Drought stress is an ever-growing crisis that severely limits crop production worldwide and causes important agricultural losses mainly in arid and semiarid areas (Boyer et al., 1982). Drought induced osmotic stress triggers a wide range of perturbations ranging from growth and water status disruption to the alteration of ion transport and uptake systems (Lutts et al., 1996; Bajji et al., 2000). Upon disclosure to water deficit, plants exhibit physiological, biochemical and molecular responses at both the cellular and whole plant levels (Hasegawa et al., 2000). Generally, the plants accumulate some kind of organic and inorganic solutes in the cytosol to raise osmotic pressure and thereby maintain both turgor and the driving gradient for water uptake (Rhodes and Samaras, 1994). Among these solutes, proline is the most widely studied (Delauney and Verma, 1993). It has been suggested that the increase of free proline levels is an indicator of injury that results from imbalances in other pathways pathways (Bhaskaran et al., 1985; Perez-Alfocea and Lahrer, 1995). Also, the beneficial roles of proline in conferring osmotolerance have been widely reported (Bajji et al., 2000). Reactive oxygen species (ROS) such as the superoxide radical, hydrogen peroxide and hydroxyl radical can cause lipid peroxidation and consequently membrane injury which leads to leakage of cellular content, protein degrading, enzyme inactivation, pigment bleaching and disruption of DNA strands and thus cell death (Scandalios, 1993). Enhanced production of oxygen free radicals is responsible for peroxidation of membrane lipids and the degree of peroxides damage of cell was controlled by the potency of peroxidase enzyme system (Sairam and Tyagi, 2004). Plants have developed a series of both enzymatic and non-enzymatic detoxification systems to counteract antioxidant system, thereby protecting cells from oxidative damage (Sairam and Tyagi, 2004).

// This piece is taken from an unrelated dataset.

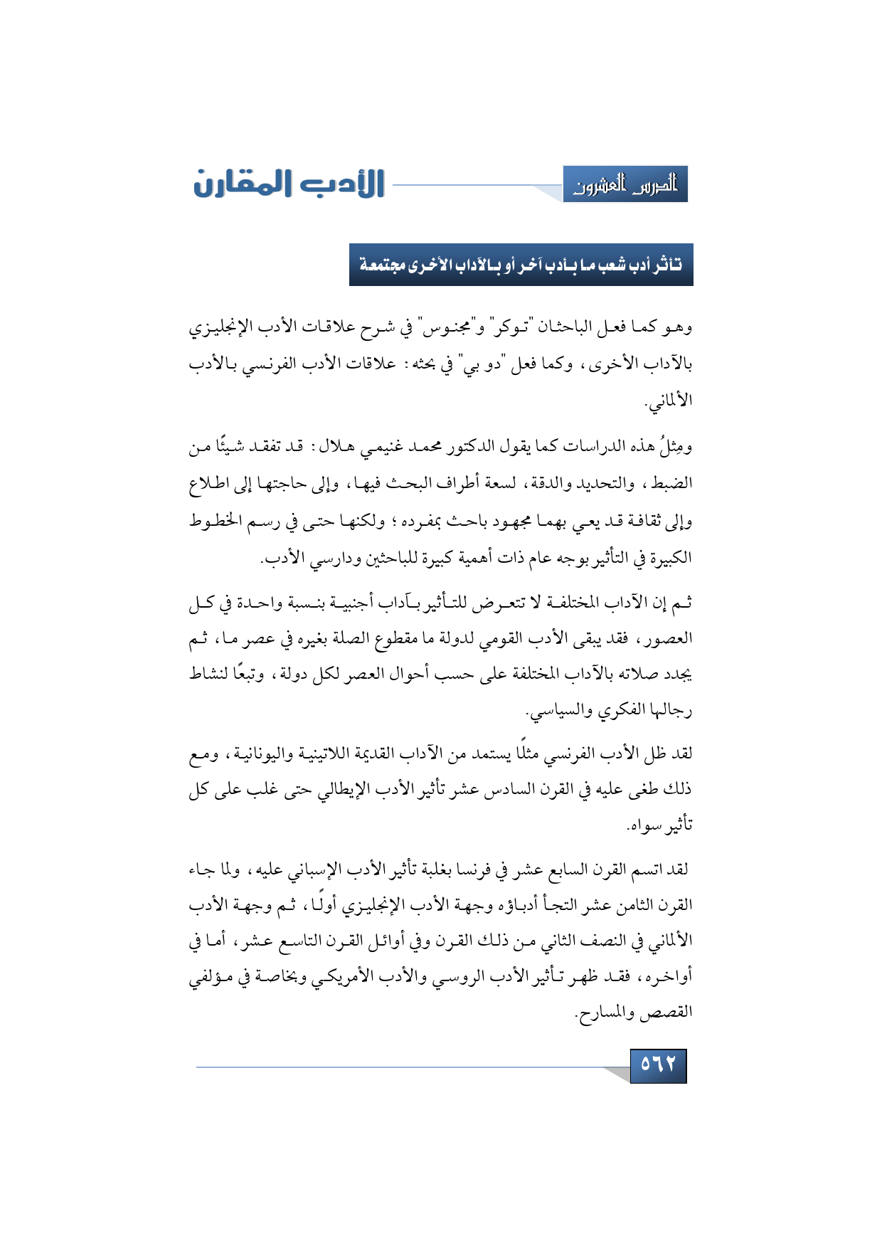 ومِثلُ هذه الدراسات كما يقول الدكتور محمد غنيمي هلال: قد تفقد شيئًا من الضبط، والتحديد والدقة، لسعة أطراف البحث فيها، وإلى حاجتها إلى اطلاع وإلى ثقافة قد يعي بهما مجهود باحث بمفرده؛ ولكنها حتى في رسم الخطوط الكبيرة في التأثير بوجه عام ذات أهمية كبيرة للباحثين ودارسي الأدب.

Polyethylene Glycol (PEG) induces water stress in plants (Ruf et al., 1967; Kaufman and Eckard, 1971). PEG is a non-penetrating inert osmoticum that lowers the osmotic potential of nutrient solutions, but it is not taken and is not phytotoxic (Lawlor, 1970). PEG stimulates water stress in cultured plant cells in the same way it does in the cells of intact plants (Azhar et al, 2012).

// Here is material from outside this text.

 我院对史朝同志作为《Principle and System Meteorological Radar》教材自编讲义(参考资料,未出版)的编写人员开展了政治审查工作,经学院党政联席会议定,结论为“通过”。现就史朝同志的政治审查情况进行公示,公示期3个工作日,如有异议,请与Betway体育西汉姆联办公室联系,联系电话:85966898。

Sugarcane accounts for approximately 65% of world sugar production (Carson and Botha, 2002). Sugarcane, being a salt-sensitive crop, is affected in terms of cane quality when exposed to salt stress (Wahid et al., 1997). Hence, there is a constant need to develop new techniques, including plant tissue culture, for improving the tolerance of this crop. So, the objective of the present work was to scrutinize (i) the potential sugarcane cultivars for better performance under drought stress induced by PEG (ii). the pattern of accumulation and growth of glycine betaine, proline, MDA (malondialdehyde) and total phenolics in the leaves of thirteen cultivars of sugarcane under drought stress. This is the first report on the drought stress of cultivars of sugarcane from Pakistan.

2. Material and Methods

2.1. Plant material

The plant material (varieties and lines) was chosen on the basis of their repeated cultivation in the growing area. Sugarcane (Saccharum officinarum L.) was collected from different research stations of sugarcane growing areas of Pakistan. The experiments were conducted on thirteen genotypes which are HSF-240, SPF-213, CP-77-400, CP-43-33, HSF-242, NSG-60, NSG-45, CPF-198, Lho 83-153, NSG-555, CSSG-668, S-2003-US-718 and S-2002-US-133. All genotypes were cultivated in RCBD (Randomized Complete Block Design) in the glasshouse of Faculty of Agriculture Rawalakot Pakistan.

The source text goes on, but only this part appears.